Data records
·····

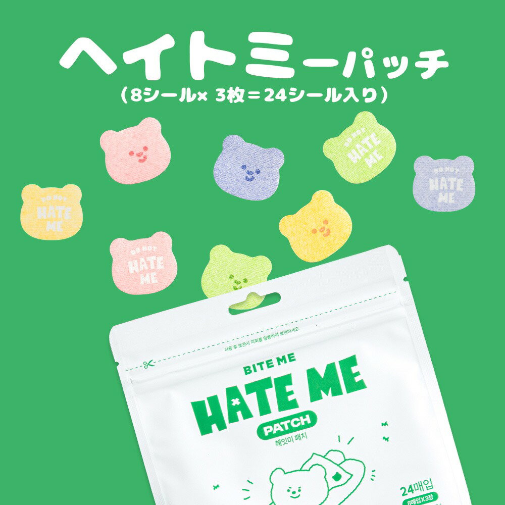 送料無料/ BITE ME バイトミー ヘイトミー パッチ 24シール入り(8シール×3枚)犬 お散歩 虫除け 蚊よけ 貼るだけ 簡単 可愛い シール シトロネラオイル コンパクト 安心 安全 1日使える くま ベア
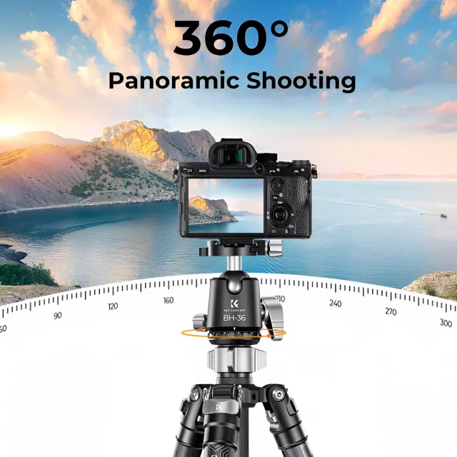 Crafted from high-quality carbon fiber, this tripod delivers superior strength while keeping the total weight to just 3.88 lbs. Its sleek new X-series design features a refined black and gray finish, adding a touch of elegance to your photography gear. The CNC 36mm metal ball head allows for smooth 360° rotation, precise panning, and secure camera positioning even under heavy loads.
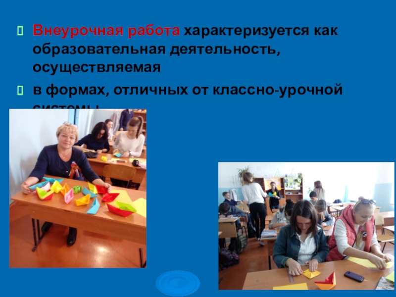 Слайд 15Внеурочная работа характеризуется как образовательная деятельность, осуществляемая
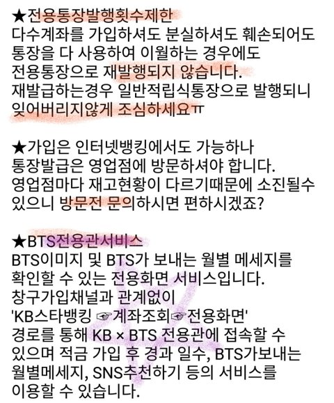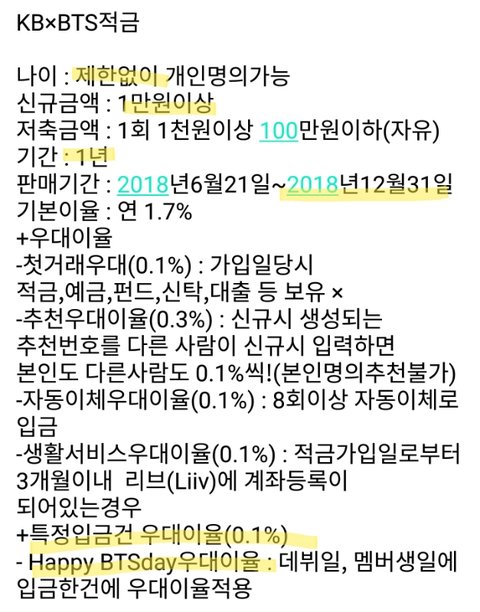 + 멤버 생일 데뷔일에 우대이율 적용되고 BTS전용관 서비스도 제공한대ㅎㅎ
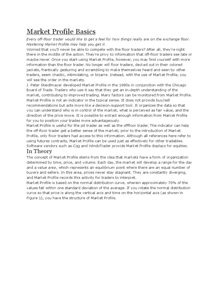 Market Profile is based on the normal distribution curve, wherein approximately 70% of the
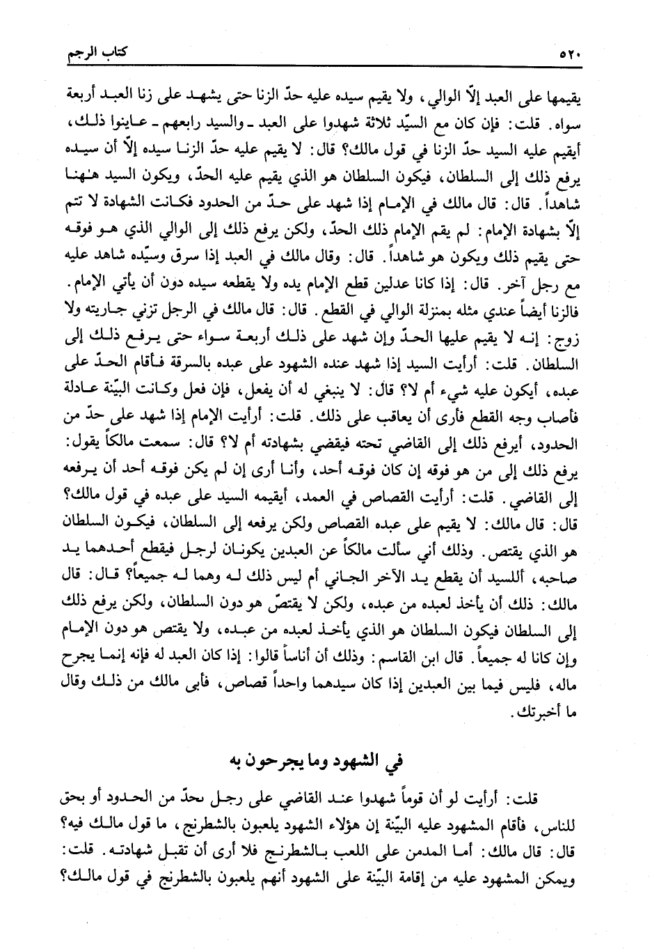 ِ قُلْتُ: أَرَأَيْتَ لَوْ أَنَّ قَوْمًا شَهِدُوا عِنْدَ الْقَاضِي عَلَى رَجُلٍ بِحَدٍّ مِنْ الْحُدُودِ أَوْ بِحَقٍّ لِلنَّاسِ، فَأَقَامَ الْمَشْهُودُ عَلَيْهِ الْبَيِّنَةَ أَنَّ هَؤُلَاءِ الشُّهُودَ يَلْعَبُونَ بِالشِّطْرَنْجِ مَا قَوْلُ مَالِكٍ فِيهِ؟

·····

Omit the pictures, then extract verbatim only those lines that fall between the line containing "Crafted from high-quality" and the final line of the records above, both included.

RESPONSE TO THIS TASK
 Crafted from high-quality carbon fiber, this tripod delivers superior strength while keeping the total weight to just 3.88 lbs. Its sleek new X-series design features a refined black and gray finish, adding a touch of elegance to your photography gear. The CNC 36mm metal ball head allows for smooth 360° rotation, precise panning, and secure camera positioning even under heavy loads.
 Слайд 15Внеурочная работа характеризуется как образовательная деятельность, осуществляемая
 + 멤버 생일 데뷔일에 우대이율 적용되고 BTS전용관 서비스도 제공한대ㅎㅎ
 Market Profile is based on the normal distribution curve, wherein approximately 70% of the
 ِ قُلْتُ: أَرَأَيْتَ لَوْ أَنَّ قَوْمًا شَهِدُوا عِنْدَ الْقَاضِي عَلَى رَجُلٍ بِحَدٍّ مِنْ الْحُدُودِ أَوْ بِحَقٍّ لِلنَّاسِ، فَأَقَامَ الْمَشْهُودُ عَلَيْهِ الْبَيِّنَةَ أَنَّ هَؤُلَاءِ الشُّهُودَ يَلْعَبُونَ بِالشِّطْرَنْجِ مَا قَوْلُ مَالِكٍ فِيهِ؟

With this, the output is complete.